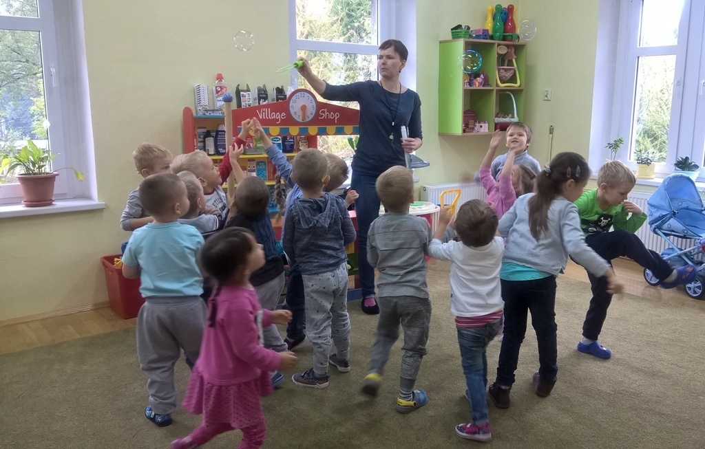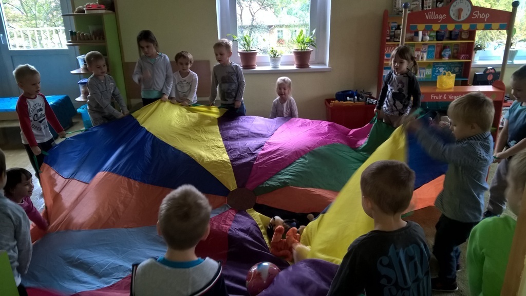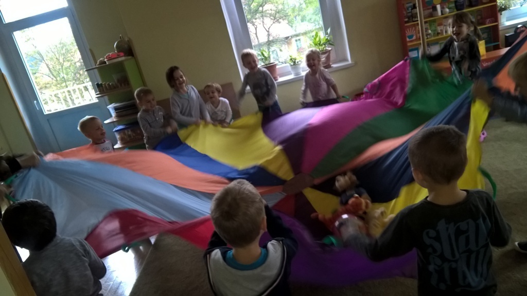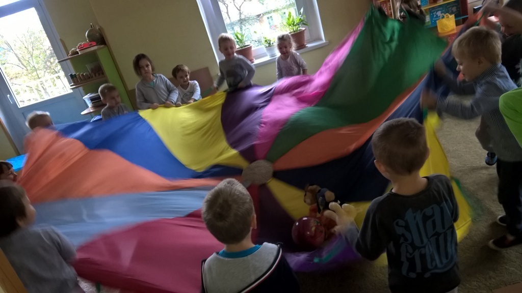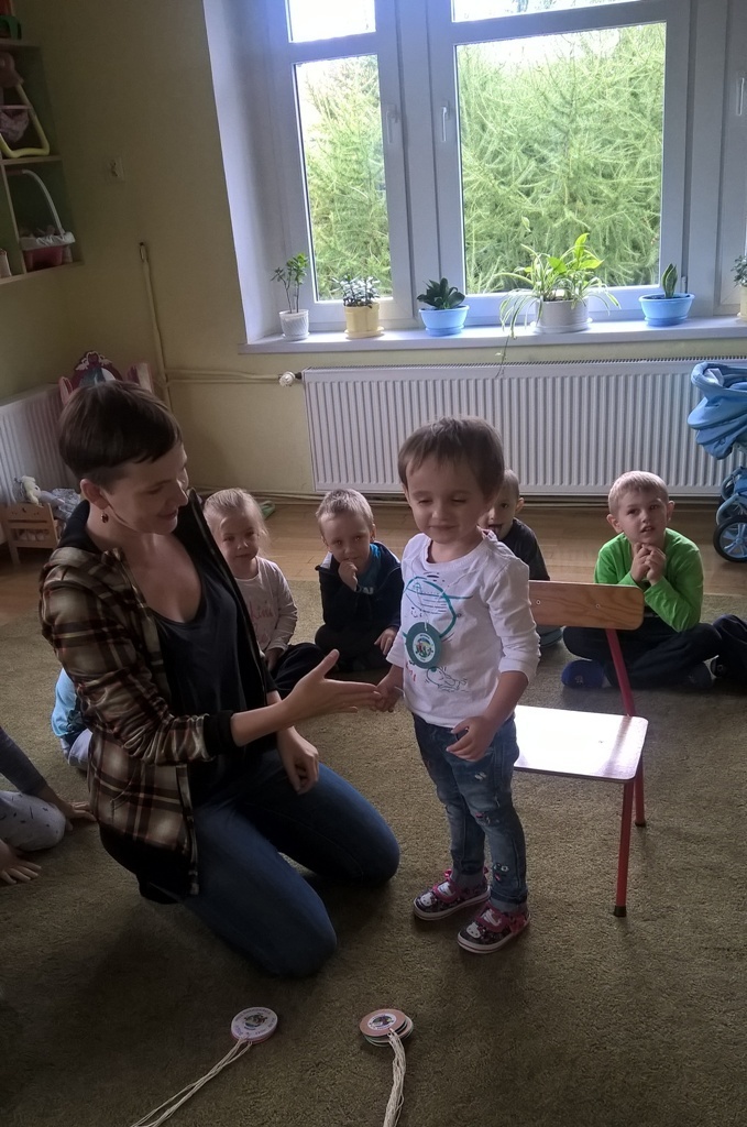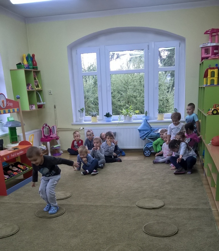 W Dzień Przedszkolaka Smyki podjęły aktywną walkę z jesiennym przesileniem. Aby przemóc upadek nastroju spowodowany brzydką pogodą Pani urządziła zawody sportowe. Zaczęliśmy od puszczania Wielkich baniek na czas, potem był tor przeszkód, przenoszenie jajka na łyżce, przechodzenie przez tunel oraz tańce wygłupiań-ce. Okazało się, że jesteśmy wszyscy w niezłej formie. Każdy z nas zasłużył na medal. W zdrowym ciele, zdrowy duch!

---

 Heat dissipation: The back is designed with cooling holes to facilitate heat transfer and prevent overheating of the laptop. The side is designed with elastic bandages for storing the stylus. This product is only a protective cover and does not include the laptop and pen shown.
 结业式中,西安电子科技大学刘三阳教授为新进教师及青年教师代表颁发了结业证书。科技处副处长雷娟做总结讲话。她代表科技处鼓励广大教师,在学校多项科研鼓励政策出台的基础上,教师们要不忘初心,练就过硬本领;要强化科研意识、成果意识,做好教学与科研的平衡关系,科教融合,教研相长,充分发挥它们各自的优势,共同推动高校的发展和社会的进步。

### Required work:
Copy, exactly and only, the lines above that begin with the one containing "Heat dissipation: The" and finish with the one containing "结业式中,西安电子科技大学刘".

### Exercise answer:
 Heat dissipation: The back is designed with cooling holes to facilitate heat transfer and prevent overheating of the laptop. The side is designed with elastic bandages for storing the stylus. This product is only a protective cover and does not include the laptop and pen shown.
 结业式中,西安电子科技大学刘三阳教授为新进教师及青年教师代表颁发了结业证书。科技处副处长雷娟做总结讲话。她代表科技处鼓励广大教师,在学校多项科研鼓励政策出台的基础上,教师们要不忘初心,练就过硬本领;要强化科研意识、成果意识,做好教学与科研的平衡关系,科教融合,教研相长,充分发挥它们各自的优势,共同推动高校的发展和社会的进步。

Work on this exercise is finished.